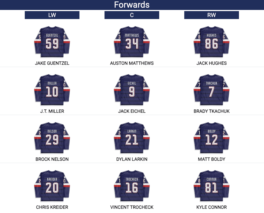 Matthew Tkachuk and Charlie McAvoy will be held out of the lineup for injuries. Chris Kreider and Jake Sanderson will make their Team USA debut.
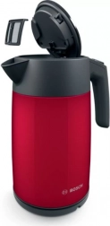 Stílusos, 1,7 literes BOSCH gyorsforraló elegáns piros színben, gyors vízmelegítéssel és kényelmes kezeléssel. A egycsészés jelölő segítségével pontosan annyi vizet melegíthet, amennyire szüksége van, így időt és energiát takarít meg. A praktikus, formázott kiöntő pontos, cseppmentes töltést biztosít, míg a jól olvasható vízszintmérő megkönnyíti a feltöltést. A biztonságos működésről a hármas biztonsági rendszer gondoskodik, a kényelmet pedig a gombnyomásra nyíló fedél és a kábeltartó rekesz egészíti ki.
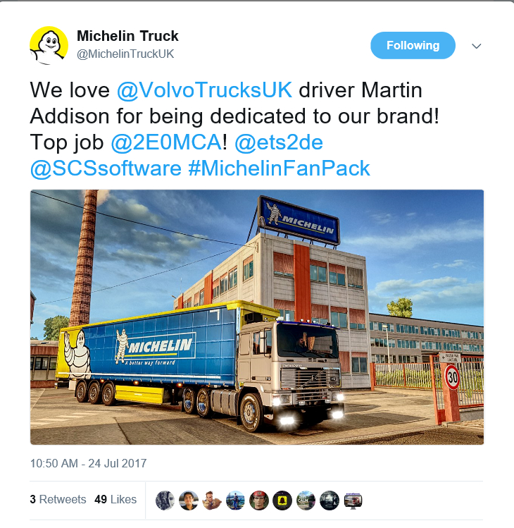 In the same week that Cee challenged us to come up with some B&W wheel shots, Michelin Truck UK were asking people to tweet their Euro-Truck Sim screenshots of trucks with Michelin tyres from the fan-pack. They seem to have liked my entry 😉
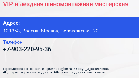 VIP, выездная шиномонтажная мастерская по адресу 121353, Россия, Москва, Беловежская, 22 в дальнейшем Организация, размещена в следующих категориях:
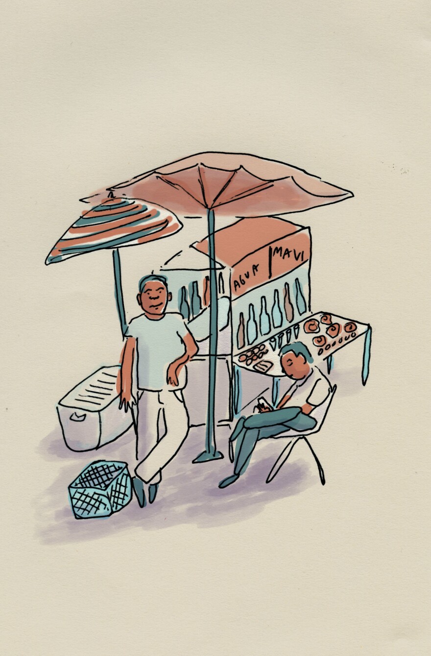 Suarez wakes up early in the morning to wait in line for it. He's not selling as many piraguas as he used to, but he still has customers looking for relief in the 80 degree heat.
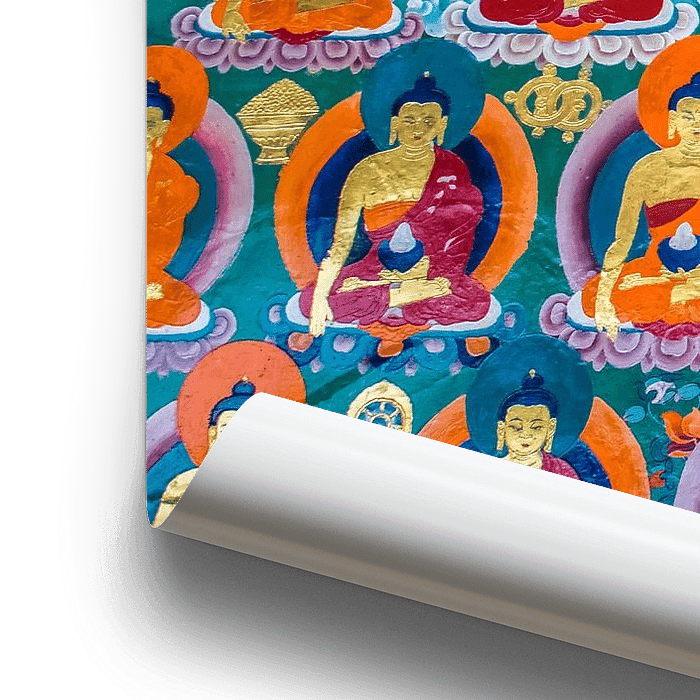 Koop de foto Muurschildering met boeddha's in Tibetaans klooster van Rietje Bulthuis op canvas, aluminium dibond, (ingelijste) fotoprint, behang en ArtFrame, op maat geprint in Fine-Art kwaliteit.
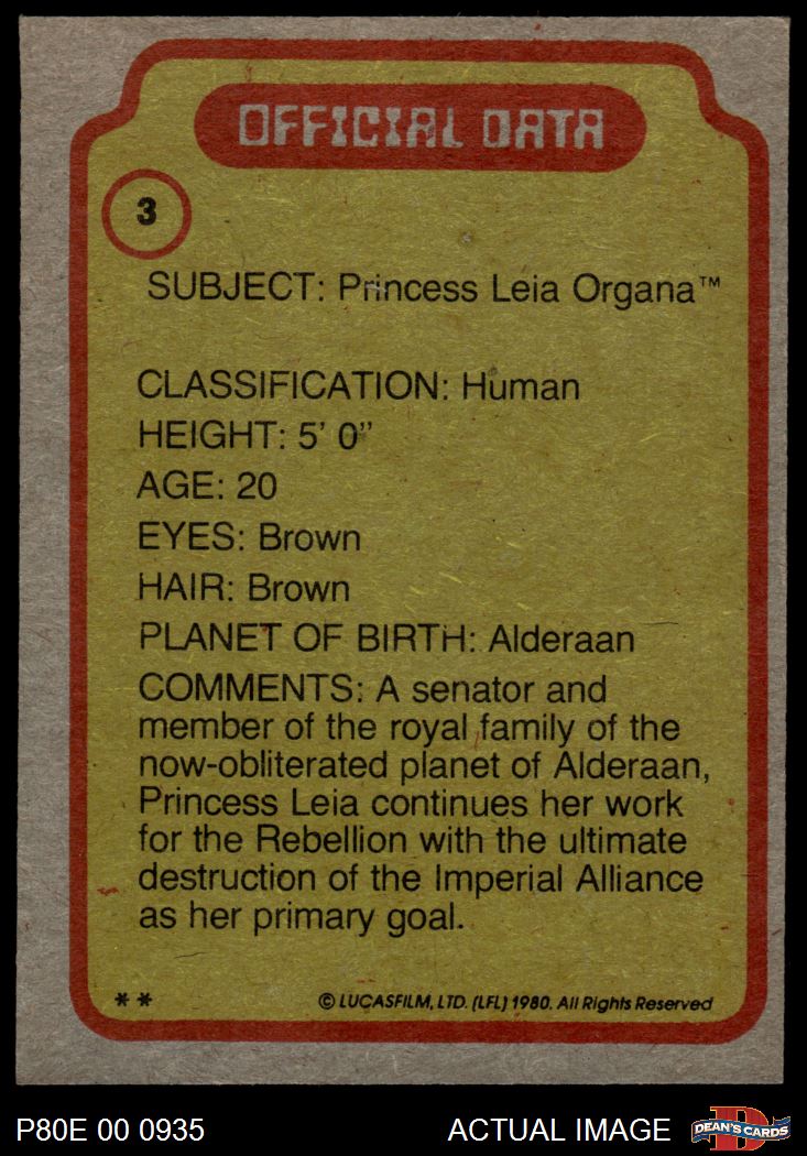 1980 Topps Star Wars The Empire Strikes Back #3 Princess Leia 4 - VG/EX
____________
> _TASK TO COMPLETE_: Exact output of each line above is wanted, without the pictures.

> _WRITTEN RESPONSE_:
 Matthew Tkachuk and Charlie McAvoy will be held out of the lineup for injuries. Chris Kreider and Jake Sanderson will make their Team USA debut.
 Stílusos, 1,7 literes BOSCH gyorsforraló elegáns piros színben, gyors vízmelegítéssel és kényelmes kezeléssel. A egycsészés jelölő segítségével pontosan annyi vizet melegíthet, amennyire szüksége van, így időt és energiát takarít meg. A praktikus, formázott kiöntő pontos, cseppmentes töltést biztosít, míg a jól olvasható vízszintmérő megkönnyíti a feltöltést. A biztonságos működésről a hármas biztonsági rendszer gondoskodik, a kényelmet pedig a gombnyomásra nyíló fedél és a kábeltartó rekesz egészíti ki.
 In the same week that Cee challenged us to come up with some B&W wheel shots, Michelin Truck UK were asking people to tweet their Euro-Truck Sim screenshots of trucks with Michelin tyres from the fan-pack. They seem to have liked my entry 😉
 VIP, выездная шиномонтажная мастерская по адресу 121353, Россия, Москва, Беловежская, 22 в дальнейшем Организация, размещена в следующих категориях:
 Suarez wakes up early in the morning to wait in line for it. He's not selling as many piraguas as he used to, but he still has customers looking for relief in the 80 degree heat.
 Koop de foto Muurschildering met boeddha's in Tibetaans klooster van Rietje Bulthuis op canvas, aluminium dibond, (ingelijste) fotoprint, behang en ArtFrame, op maat geprint in Fine-Art kwaliteit.
 1980 Topps Star Wars The Empire Strikes Back #3 Princess Leia 4 - VG/EX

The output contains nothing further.